The Pyramid Age began during the Old Kingdom (2650-2134 B.C.), when the first pyramids were built by King Djoser in the third dynasty. Construction of pyramids continued until 1640 B.C. During the first and second dynasties, Egyptian kings were buried in mastabas. The deceased were laid to rest in an underground chamber at the bottom of a shaft, and a flat-topped tomb was placed over them. King Djoser established a powerful centralized administration based in the city of Memphis, not far from the present-day city of Cairo. One of his officials was the famous architect and scholar Imhotep, who designed the Step Pyramid, a pharaoh's tomb at Saqqara that looks like a stairway to heaven. This tomb is an elaboration of the original mastabas, with its central burial chamber. In the fourth dynasty, the Pharaoh Snefru built the first geometrically true pyramids at Dahshur, south of Saqqara. He started by adding a smooth casing over the steps of two pyramids that were built by his predecessors. He then built two pyramids of his own. The pyramids built during the fifth dynasty had a core of rubble and mud bricks, and a limestone facing. When the limestone was removed, the core collapsed. Why the pharaohs chose a pyramid for their tombs is still a mystery. Perhaps the shape originated from the creation story, in which the world is conceived as a flat plane with four corners representing the north, east, south and west.
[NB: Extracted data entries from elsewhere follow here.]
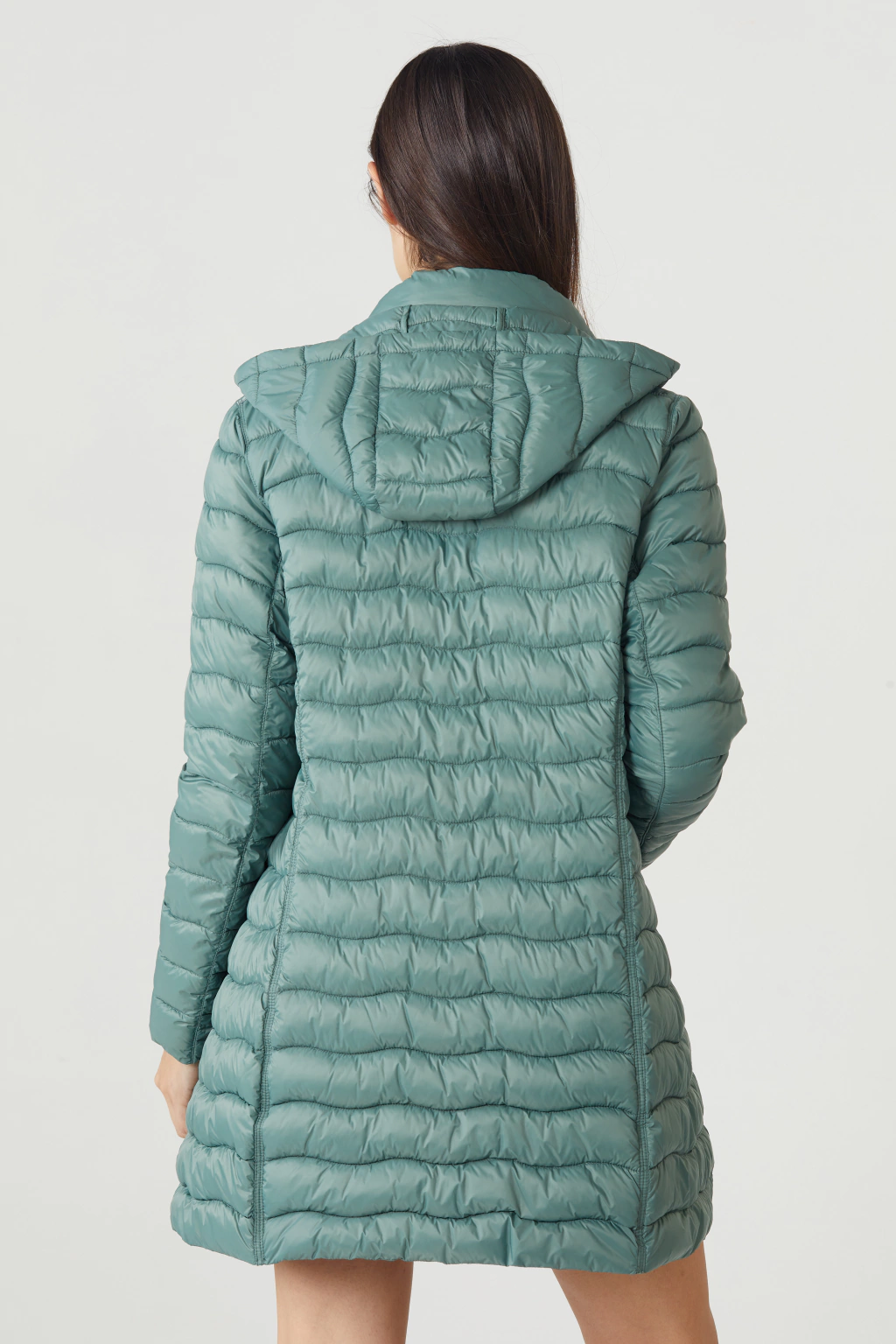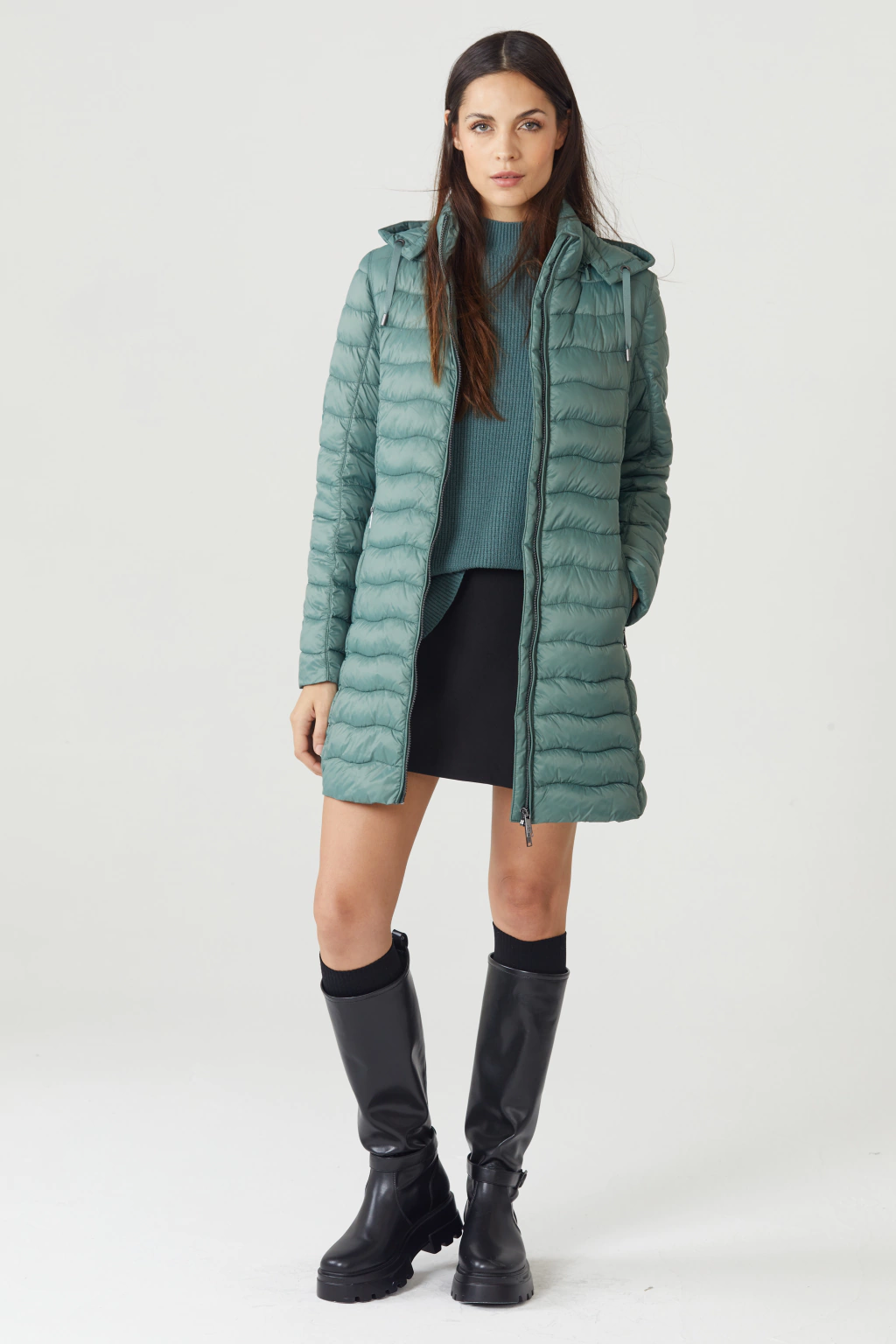 Tapado ecodown, ultraliviano y abrigado con capucha desmontable. Su novedoso relleno trabajado artesanalmente tipo pluma ecológica es de alto abrigo muy suave y liviano. El corte es entallado y muy cómodo. El acceso es por cierre doble carril reforzado símil metal. Tiene bolsillos laterales con cierres reforzado simil metal. La prenda se puede lavar en lavarropas. Repelente al agua.
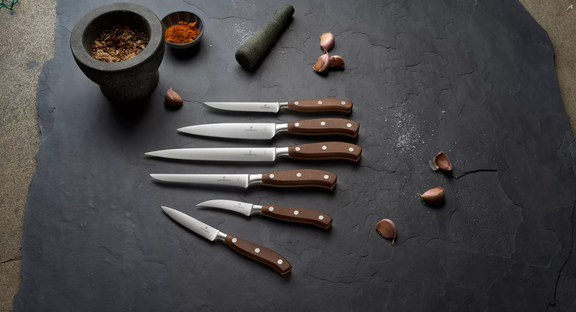 Combining beautiful form with high function, the Grand Maître Steak Knife from the Victorinox series of forged knives has a full tang blade that is uniformly hardened and perfectly balanced. But it’s not just this blade that gives the steak knife its robust strength – its wooden handle continues this theme, being both elegant and hard-wearing. Hand-polished and ergonomically designed, this handle promises its user comfort and supreme ease of use. The sleek steak knives of this four-piece set will slice steaks and other meats with ease. Ideal for private or professional use. Create an elegant table setting that will impress your guests for sure.
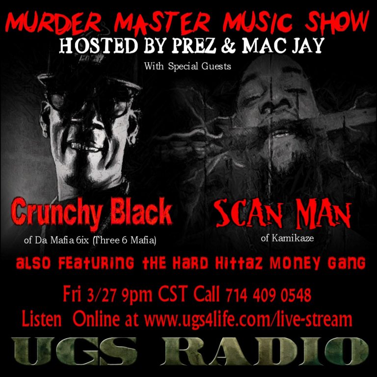 Even though he has been on the run according to TMZ, Crunchy Black of Da Mafia 6ix (Three 6 Mafia) was on the Murder Master Music Show to chop it up with Prez & Mac Jay on Friday March 27th. During the interview Crunchy spoke about his new mixtape, the new Mafia 6ix album, Juicy J, Lord Infamous and much more.
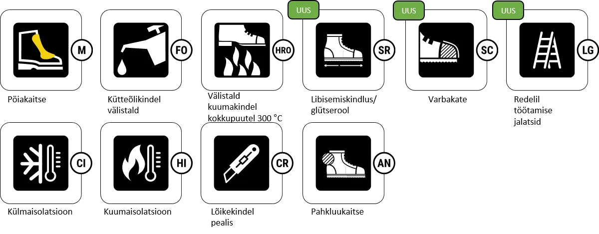 Uus tabel vastavalt standardile EN ISO 20345:2022
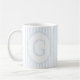 This elegant monogram mug features a soft blue and white striped design with the letter G in the center.

When the sky rose up, forming an invisible central axis like a pole or tree in the centre, the world took on the shape of a pyramid. The pyramid may also represent the primeval mound that rose out of chaos and provided a resting place for the sun god, Re. Its peak may symbolize the point where sacred energy from the sky world enters the human world. Another theory suggests that when Re became more important in the Egyptian religion, the pyramid (like the obelisk) represented a ray of the sun.